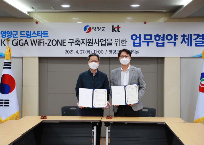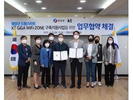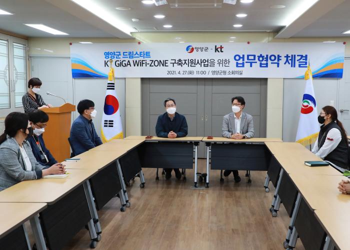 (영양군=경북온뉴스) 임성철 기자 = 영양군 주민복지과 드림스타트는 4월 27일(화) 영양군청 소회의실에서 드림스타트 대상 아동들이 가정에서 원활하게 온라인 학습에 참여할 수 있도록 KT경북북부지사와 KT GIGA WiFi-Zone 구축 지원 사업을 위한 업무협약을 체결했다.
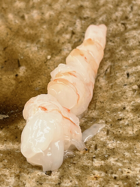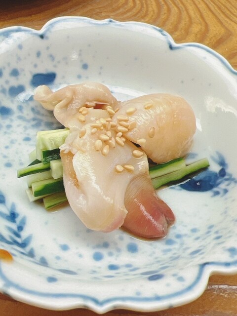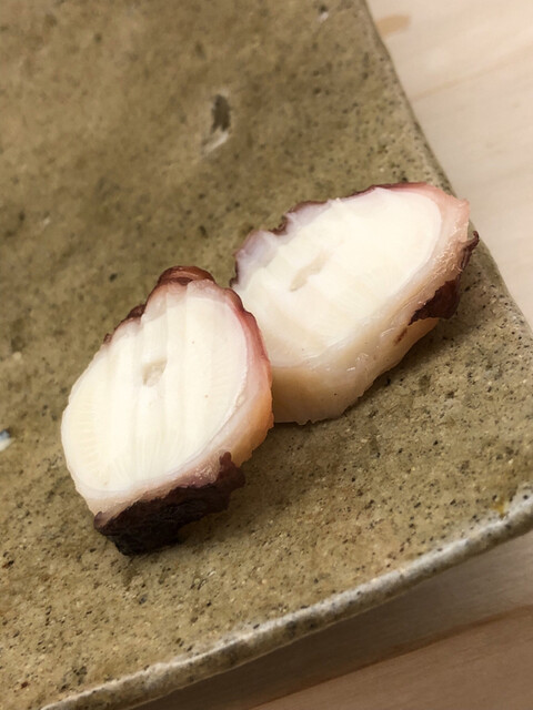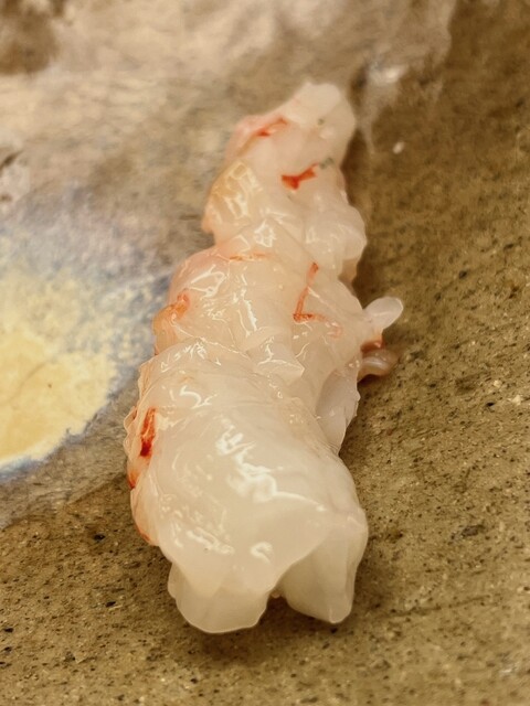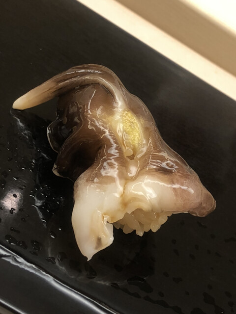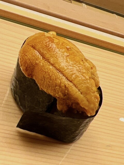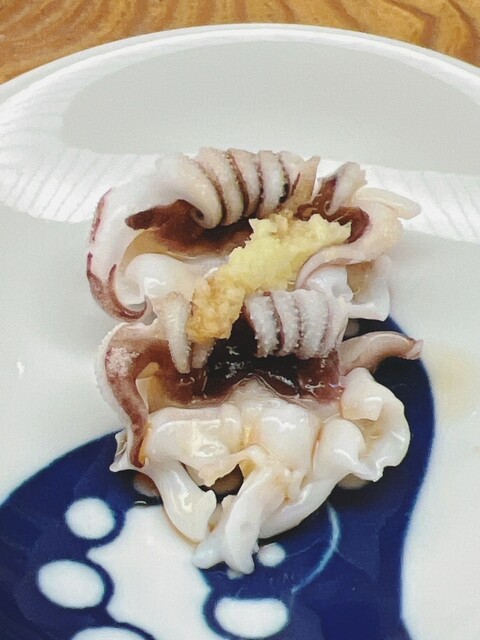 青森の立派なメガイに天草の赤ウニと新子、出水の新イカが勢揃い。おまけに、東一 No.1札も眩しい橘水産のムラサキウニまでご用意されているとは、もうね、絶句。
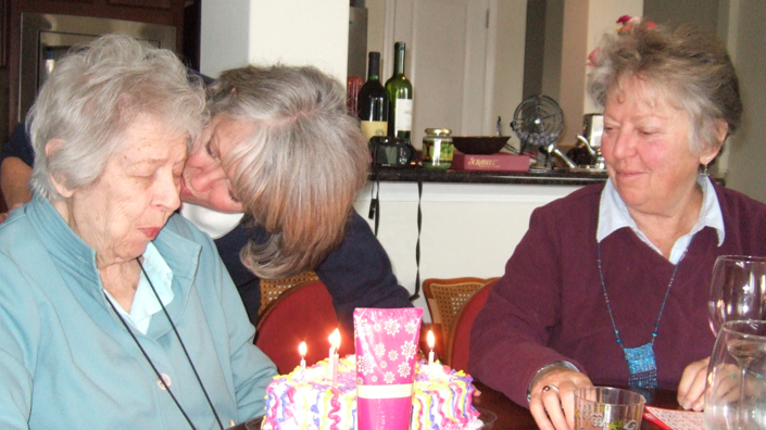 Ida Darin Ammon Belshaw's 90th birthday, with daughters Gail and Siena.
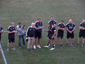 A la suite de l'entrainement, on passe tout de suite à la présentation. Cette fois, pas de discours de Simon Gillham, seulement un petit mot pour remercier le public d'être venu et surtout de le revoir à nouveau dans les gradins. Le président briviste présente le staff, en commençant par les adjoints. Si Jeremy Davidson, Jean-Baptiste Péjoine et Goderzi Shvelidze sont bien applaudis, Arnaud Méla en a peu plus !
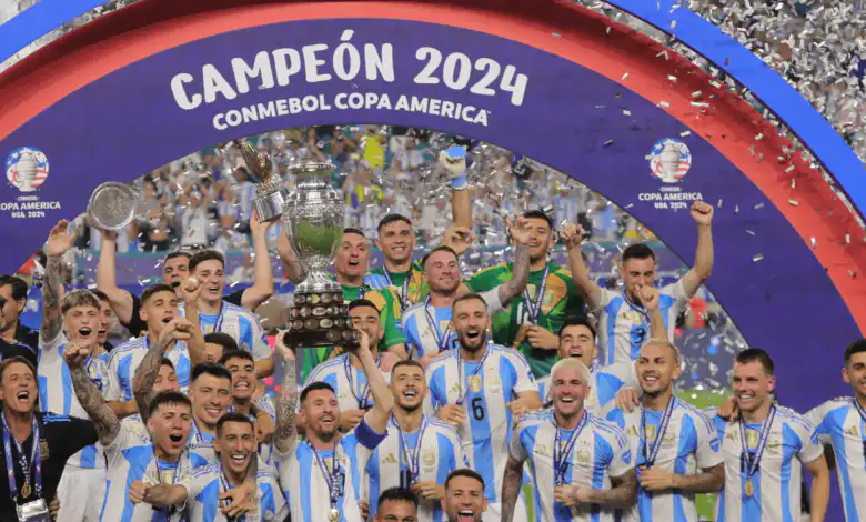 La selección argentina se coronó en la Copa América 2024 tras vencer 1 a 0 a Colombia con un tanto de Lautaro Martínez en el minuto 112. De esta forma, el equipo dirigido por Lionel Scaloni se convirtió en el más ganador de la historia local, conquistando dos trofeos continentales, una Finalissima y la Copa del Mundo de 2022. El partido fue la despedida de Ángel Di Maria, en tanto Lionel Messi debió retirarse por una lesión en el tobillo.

==================================================

Instructions to follow
Output, word for word, the full listing above, with no pictures.

Output
 (영양군=경북온뉴스) 임성철 기자 = 영양군 주민복지과 드림스타트는 4월 27일(화) 영양군청 소회의실에서 드림스타트 대상 아동들이 가정에서 원활하게 온라인 학습에 참여할 수 있도록 KT경북북부지사와 KT GIGA WiFi-Zone 구축 지원 사업을 위한 업무협약을 체결했다.
 青森の立派なメガイに天草の赤ウニと新子、出水の新イカが勢揃い。おまけに、東一 No.1札も眩しい橘水産のムラサキウニまでご用意されているとは、もうね、絶句。
 Ida Darin Ammon Belshaw's 90th birthday, with daughters Gail and Siena.
 A la suite de l'entrainement, on passe tout de suite à la présentation. Cette fois, pas de discours de Simon Gillham, seulement un petit mot pour remercier le public d'être venu et surtout de le revoir à nouveau dans les gradins. Le président briviste présente le staff, en commençant par les adjoints. Si Jeremy Davidson, Jean-Baptiste Péjoine et Goderzi Shvelidze sont bien applaudis, Arnaud Méla en a peu plus !
 La selección argentina se coronó en la Copa América 2024 tras vencer 1 a 0 a Colombia con un tanto de Lautaro Martínez en el minuto 112. De esta forma, el equipo dirigido por Lionel Scaloni se convirtió en el más ganador de la historia local, conquistando dos trofeos continentales, una Finalissima y la Copa del Mundo de 2022. El partido fue la despedida de Ángel Di Maria, en tanto Lionel Messi debió retirarse por una lesión en el tobillo.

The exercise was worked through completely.